The End of the Tour
“The End of the Tour” is simultaneously a great character study and possibly the best portrait of writers I’ve ever seen.
It’s essentially a two-person conversation that takes place over the course of five days in 1996. Both are youngish men who have recently published books. One is famous, the other is not. The less celebrated one is writing a profile of the famous one for Rolling Stone magazine while he finishes up his book tour.
They grow friendly, but jealousy and resentment are always close at hand. They circle each other warily, tribal companions and combatants harboring their own stakes and agendas. Theirs is a magnificent, haunting dance of intellects and emotions.
David Foster Wallace is the celebrated novelist, whose “Infinite Jest” has just been released to spectacular acclaim and predictions of major awards. His dense, playful style of writing, replete with extensive endnotes and citations, seemed a precursor to today’s hyperlinked, hyperactive style of information consumption.
He plays up his regular-guy image, teaching at an unremarkable Illinois state college, wearing bandannas and hanging out with his slobbering dogs and select friends. Wallace killed himself in 2008 at age 46.
David Lipsky is the interviewer, a few years younger and whose own novel, “The Art Fair,” has been much more modestly received. An early scene shows him reciting at a sparsely attended book reading, so later when he looks out over the packed room for Wallace’s final book tour appearance, we understand how that stiffens his spine.
In Wallace, Lipsky beholds someone more accomplished and wants to capture that, understand it, and thereby ensure his own ascent.
Director James Ponsoldt (“The Spectacular Now”) and screenwriter Donald Margulies reveal many things about both men in “The End of the Tour,” but also hold back in other ways. For instance, Wallace never produced another novel while alive. (An unfinished work was published posthumously.) He mostly turned to nonfiction and essays, even penning for Rolling Stone.
Meanwhile, Lipsky’s article was never actually published in the magazine. The interview essentially became memories and a box of old tape recordings. Lipsky dug them out after Wallace’s passing and turned it into the book, “Although of Course You End Up Becoming Yourself,” upon which this movie is based.
Jason Segel plays Wallace. Yes, that Jason Segel — the pants-dropping comic everyman of “Forgetting Sarah Marshall” and TV’s “How I Met Your Mother.” If you can’t conceive of him giving a layered, dramatic turn, just remember that many funnymen have gone on to become serious actors. I believe this film will do for Segel what “Moscow on the Hudson” did for Robin Williams.
It’s a career-changing, stand-up-and-take-notice kind of performance.
Jesse Eisenberg plays Lipsky. It’s a tight, precise portrayal, the sort of thing we’ve come to expect from the actor from “The Social Network.” His Lipsky is nebbishy and charming, sort of a modern-day Woody Allen type. He’s ambitious and can be ruthless when pushed, but he genuinely likes Wallace and wants to get inside his head.
Plot-wise, the story essentially just follows Lipsky as he follows Wallace to Minneapolis for the last leg of his book tour. They spend almost every minute together, driving in cars, riding in planes, hanging in the downtime. Lipsky keeps his recorder going the whole time, an old-style cassette job with an oversized microphone, one of which every journalist of a certain age probably has stashed somewhere. The tape machine becomes a virtual third character, an omnipresent reminder that their conversations are “on the record” and posterity is listening.

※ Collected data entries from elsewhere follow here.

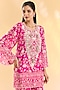 Featuring a rani pink A-line short kurta in crepe base with hand and machine embroidery. It is paired with crepe gharara pants and a georgette stole. Accentuate it with zircon jewellery and heels for a wedding, sangeet or engagement ceremony.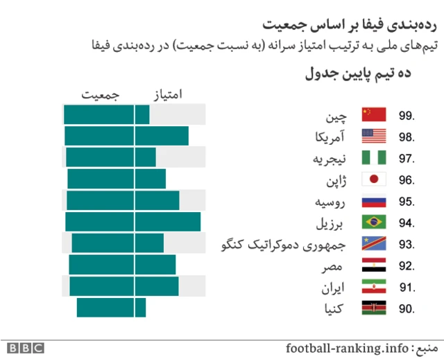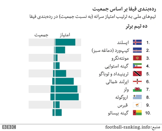 جدول زیر ردهبندی جهانی فیفا را بر اساس جمعیت کشورها نشان میدهد یعنی رتبه هر کشور در ردهبندی فیفا بر حسب سرانه جمعیت محاسبه شده است.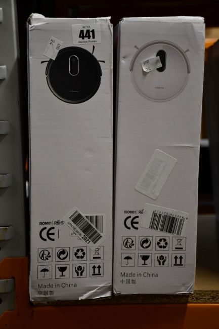 A Coayu C530 robotic vacuum cleaner and a Coayu C250 robotic vacuum cleaner (Some damage to boxes).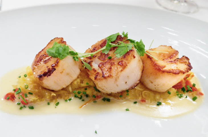 В сковороде разогреть растительное масло. Гребешки посолить и поперчить, добавить в сковороду и готовить на сильном огне, перевернув один раз, пока они не подрумянятся, по 2 минуты с каждой стороны. Выложить гребешки и шпинат на тарелку. Украсить кедровыми орешками. Слегка разогреть соус, полить ложкой соуса гребешки и подавать.
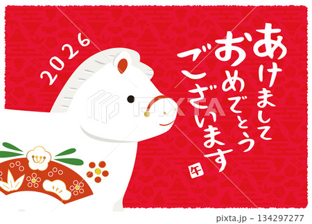 2026年午年の年賀状テンプレート。白馬、かわいい、縁起物、ベクター、梅の花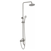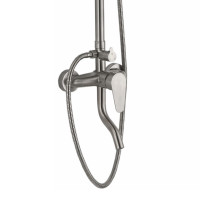 Комплектация: верхний душ, душевая штанга, держатель душевой лейки, ручной душ, смеситель, шланг;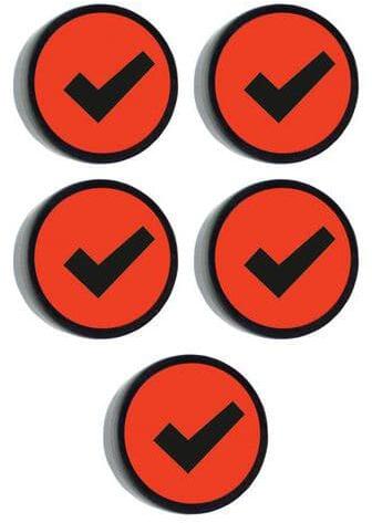 Kerek mágnes horog vagy síp szimbólummal, amely például a helyes megoldást vagy egy elvégzett feladatot mutatja. A merész színek jó láthatóságot biztosítanak.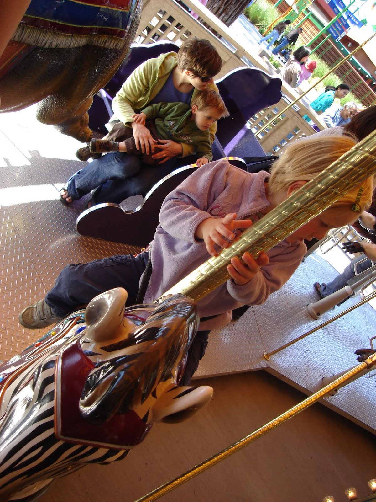 Above: Maddy loves the merry-go-round! Milo talks a big game alright -- pretty much every day he says, "I go ride tiger. I go ride tiger. I want merry-go-round!" But when we go to the park, he chickens out and sits on the bench with Mom or Dad. It's pretty amazing that the little guy will jump from ridiculous heights, loves to rough house, and especially likes me toss him in the air as high as possible. Yet, the fake tiger on the merry-go-round and his "Very Clever Crocodile" Pop-up book both scare him (though he still asks for them both every day). Fair enough.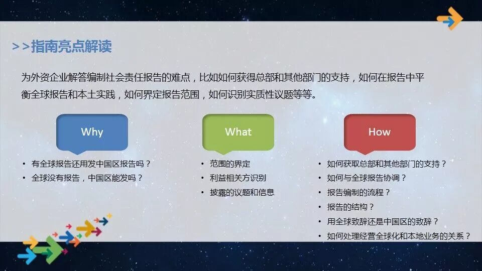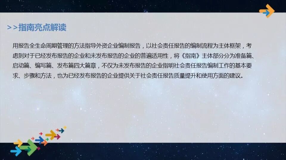 2017年外商投资企业社会责任实践指数样本来自68家在华外商投资企业的73个社会责任优秀实践案例。同比去年,参与社会责任优秀实践案例的外商投资企业增加了14家,共计18家企业连续四年参加案例评估。 该报告表明,在华外商投资企业在新时期更加积极融入中国发展脉动,不断创新责任管理和服务,主动贡献中国绿色发展,坚持以人为本、关爱员工及回馈社会等方面的努力和成效。 该报告还提出了相关建议,希望在华外资企业能够继续融合和创新,发挥企业专长,注重价值均衡,开展有效沟通。 会上,中国外商投资企业协会正式发布《中国外商投资企业社会责任报告编写指南》(以下简称《指南》)。据悉,该《指南》旨在引导外资企业重视社会责任报告的作用,鼓励和促进更多外资企业定期、持续发布社会责任报告。 《中国外商投资企业社会责任报告编写指南》发布 中国外商投资企业协会一直高度重视外资企业履行社会责任。在中国外商投资企业协会的支持下,2017年5月,中国外商投资企业社会责任工作委员会正式成立,明确提出通过编写和发布《指南》,以推进外资企业履责和信息披露更加规范化、标准化。 工信部政策法规司副巡视员郭秀明致辞 工信部政策法规司副巡视员郭秀明在致辞中表示,在十九大以后的新时代,对外资企业社会责任报告的要求也越来越高,《指南》的发布能够极大地推动广大的外资企业积极发布社会责任报告,利用好社会责任报告的沟通功能,主动、坦诚、透明地与各利益相关方进行沟通。 中国外商投资企业协会副会长李玲致辞 中国外商投资企业协会副会长李玲在致辞中回顾了近年来外资企业在社会责任方面的进展,分析了当前外资企业面临的新形势、新挑战和新机遇,总结了目前外企在社会责任信息披露方面存在的问题,并提出了改进措施和建议。 李玲指出,当前,中国进入中国特色社会主义新时代,中国社会各界对于企业披露社会责任信息的呼声越来越高。希望外资企业认清形势,改变观念、改变思想、改变方法,提升披露意识,学会讲好故事。 她建议,今后各外资企业能够用好《指南》,编好、用好社会责任报告,全面系统地和利益相关方沟通,赢得中国社会更广泛的信任和支持,提升责任品牌形象,更好地推动在中国的事业发展。 《WTO经济导刊》杂志社社长兼主编于志宏对《指南》进行了编写情况介绍和亮点解读,以及后续应用计划。《指南》主体部分分为准备篇、启动篇、编写篇、发布篇四大篇章,不仅为未发布报告的企业指明社会责任报告编制工作的基本要求、步骤和方法,也为已经发布报告的企业提供关于社会责任报告质量提升和使用方面的建议。 左右滑动查看图片 会议特意设置互动沟通环节,由玫琳凯(中国)有限公司副总裁、浙江省外商投资协会会长张晶主持,佳能(中国)有限公司涉外关系及企业品牌沟通部总经理鲁杰、三星(中国)投资有限公司CSR事务局总监孙贵峰、华晨宝马汽车有限公司企业社会责任高级经理杨新斌、沃尔玛(中国)投资有限公司企业社会责任负责人房莹,围绕要不要在中国发报告、报告的价值、报告编制标准等问题进行探讨。 4位企业代表在互动沟通环节进行探讨 他们认为,要按照高标准、高要求编制社会责任报告,主动披露外资企业在中国的履责实践和成效,以有效的方式与中国的利益相关方保持沟通,并向企业总部准确反映中国利益相关方的诉求和期望,提升履责实践,塑造企业品牌形象。 9家企业集体发布社会责任报告 松下电器(中国)有限公司交流推进部部长王爱强代表外资企业宣读倡议 会上,佳能(中国)有限公司、索尼(中国)有限公司、苹果公司、美国高通公司等9家外资企业现场集体发布社会责任报告,并共同发起了响应《指南》的倡议书。他们表示,将主动发布中国区社会责任报告,主动加强与中国社会的沟通,主动运用《指南》,重视社会责任报告的价值和作用,争做中国企业社会责任履责先锋,为深入推动在华外资企业的社会责任履责实践和整个中国经济社会的可持续发展贡献力量。

The men talk about writing, depression, addiction, sex, television, having kids, the intangible appeal of Alanis Morissette and other topics. It’s fascinating to watch the tidal ebb and flow of trust, as Wallace starts out very reticent to reveal himself, then slowly opens up, only to recede back into himself when he starts to think Lipsky is playing him.
And Lipsky is playing him — from a journalistic perspective. He peeks into the guy’s medicine cabinet and writes down the contents, makes notes after a middle-of-the-night heartfelt conversation, and declines to order an alcoholic beverage because, he tells Wallace, he respects the 12-step process. It’s Lipsky’s way of letting Wallace know he knows about past substance abuse problems.
These are the sorts of things reporters routinely do as part of the job that outsiders would doubtless regard as monumentally crummy. Intrusive? You just defined journalism.
Better than any film I can think of, “The End of the Tour” captures and crystallizes what it’s like to be inside the head of people who live through words. Eisenberg and Segel are magnificent conduits into the writer’s darkest corners.